= Public health funeral =

In the UK, a funeral arranged by local authority

Public health funerals are funerals in the United Kingdom paid for by the local authority, where the relatives are either unwilling or unable to pay, or where no relatives can be found.

==England and Wales==

Public health funerals in England and Wales are governed by the Public Health (Control of Disease) Act 1984. Local authorities are obliged to arrange a funeral where no arrangements are being made or have been made. Local authorities are permitted to recover the costs of such funerals from the estate of the deceased under the Act.

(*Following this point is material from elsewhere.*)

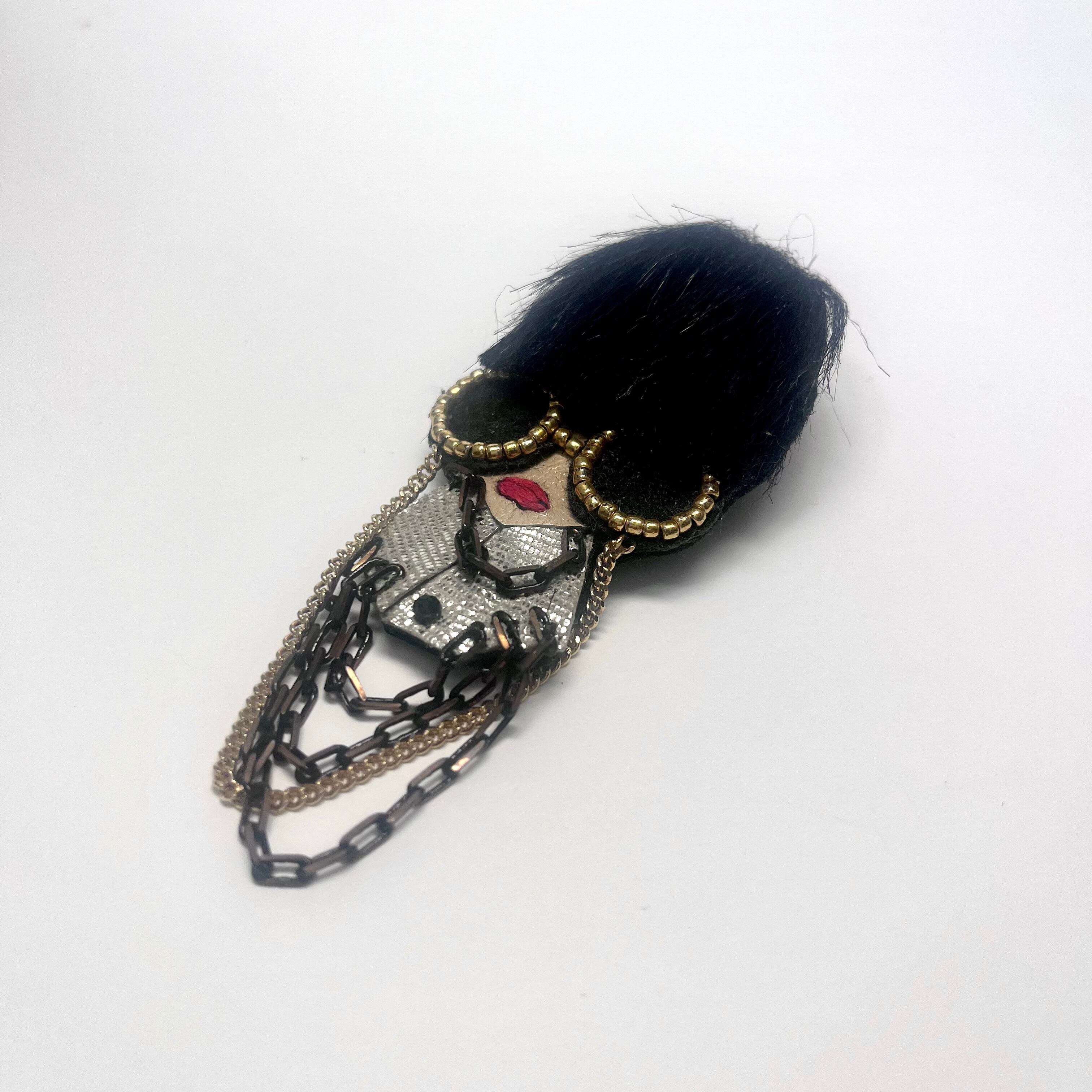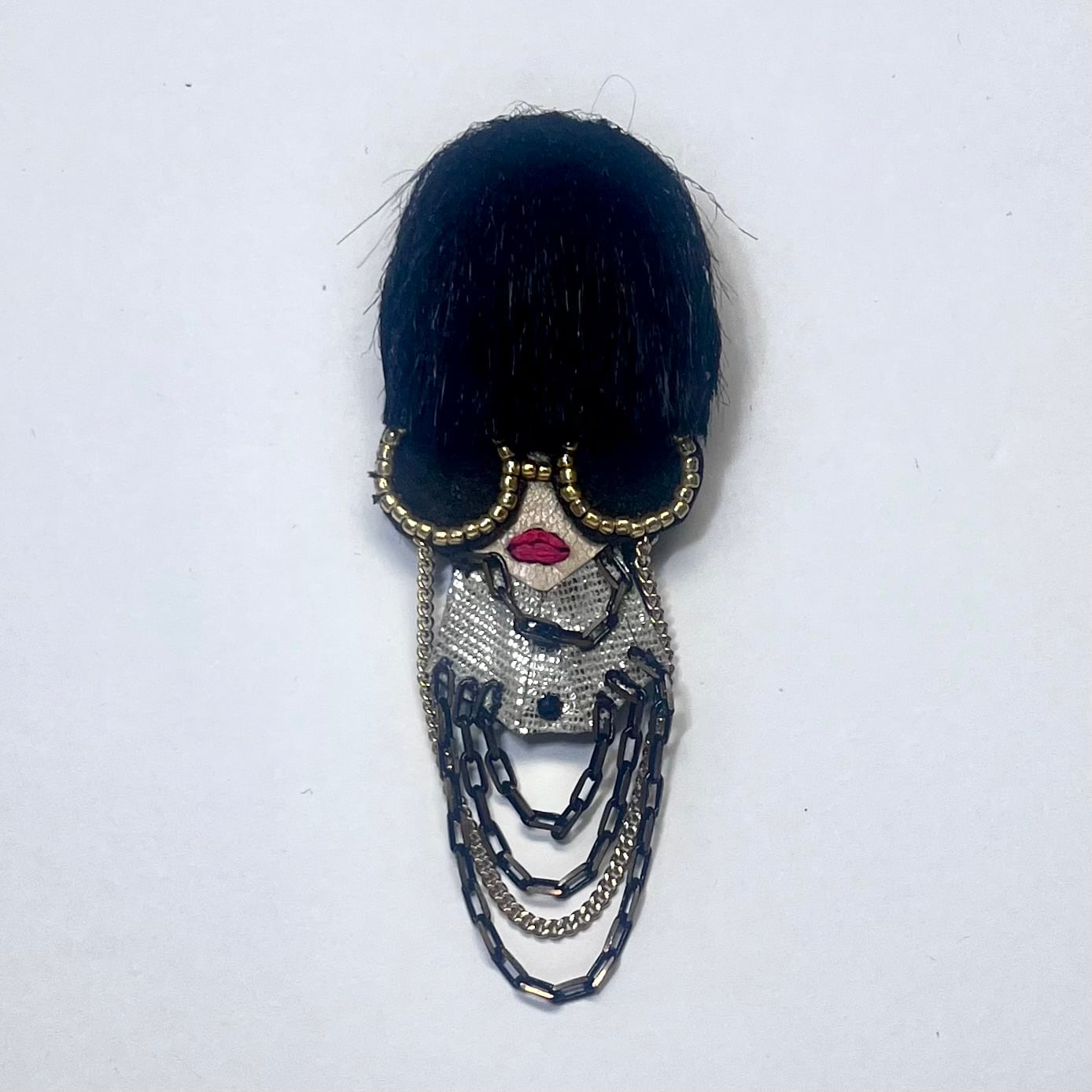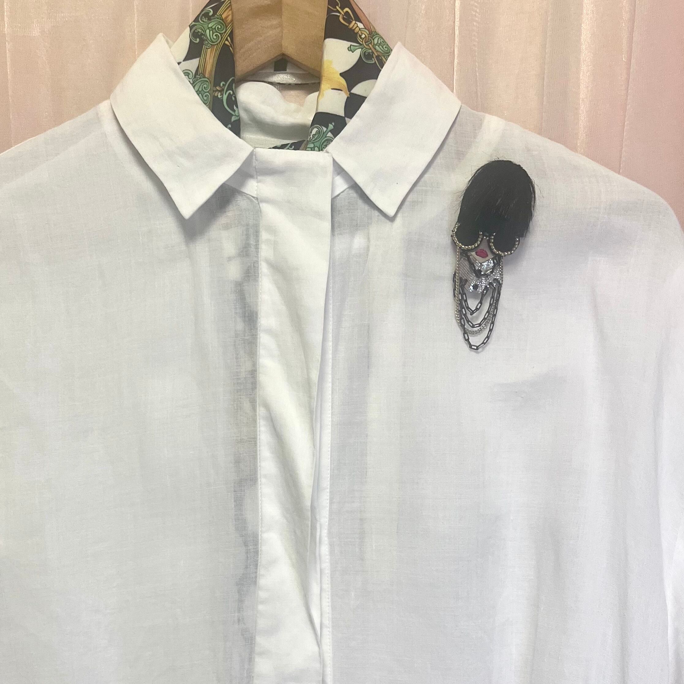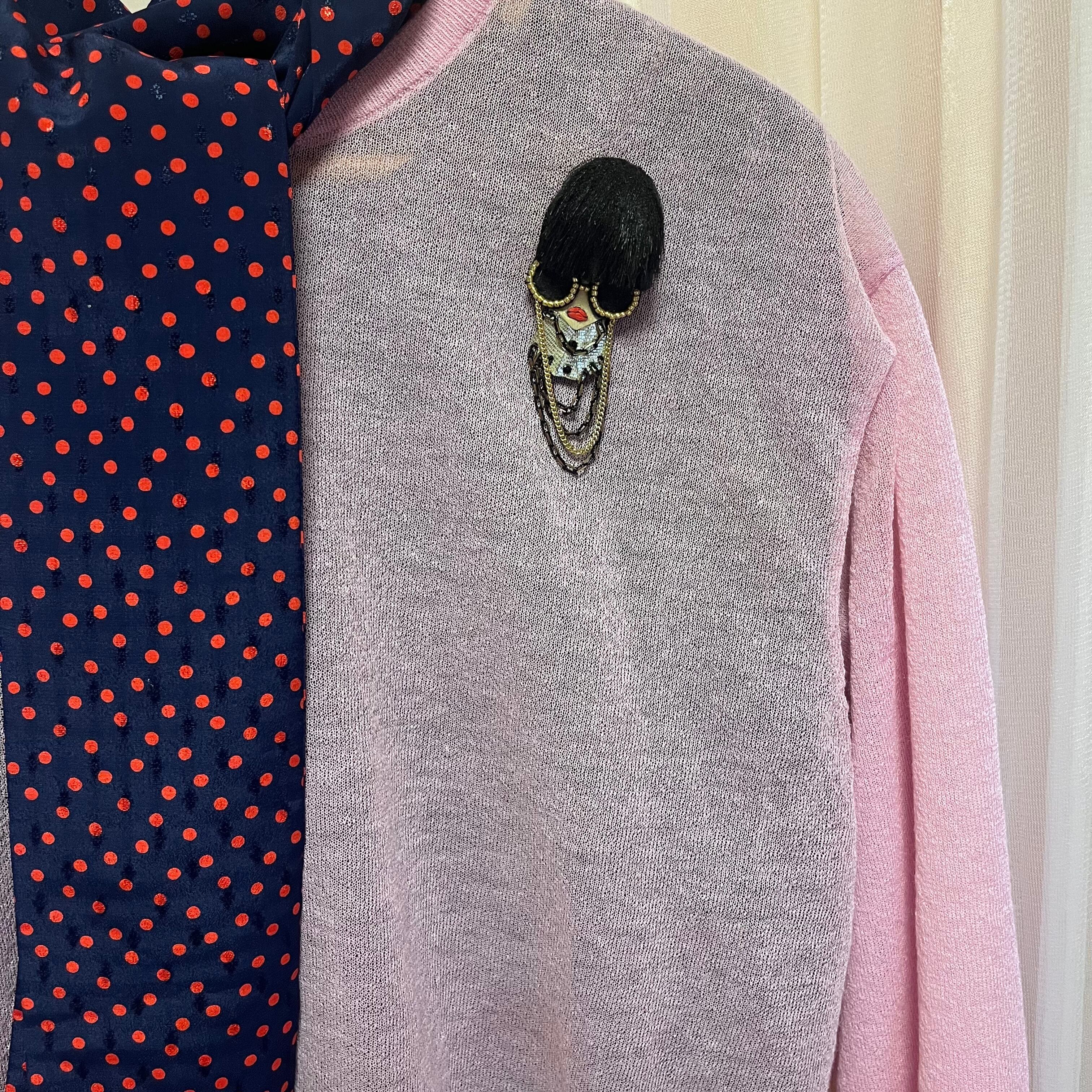 シンプルな服にもブローチひとつでインパクトある装いに。

The Guardian reported that the average cost of a public health funeral in 2011 was £950. In some circumstances where a person dies in hospital the relevant NHS trust may arrange a funeral for the deceased; however, ultimately the duty to arrange the funeral rests with the local authority.

==Northern Ireland==

Similar provisions to those in England and Wales exist in Northern Ireland under the Welfare Services Act (Northern Ireland) 1971. District councils are obligated to bury or cremate those who die in their area where no suitable provisions for disposal of the body have been made or are being made.

==Scotland==

In Scotland, a duty is imposed on local authorities under the National Assistance Act 1948 (11 & 12 Geo. 6. c. 29) where the body of a person who has died or been found dead in their area and no suitable arrangements are being made for disposal of the body. A local authority may also arrange a burial or cremation for any person who was in the care of or receiving assistance (as well as children in local authority care) from the authority immediately prior to their death. In both cases, a local authority may seek to recover costs from the estate of the deceased.

549 funerals were undertaken in 2015 under the provisions above, costing local authorities approximately £500,000. These funerals are usually conducted by an undertaker contracted by the local authority to prepare the body and provide a basic funeral.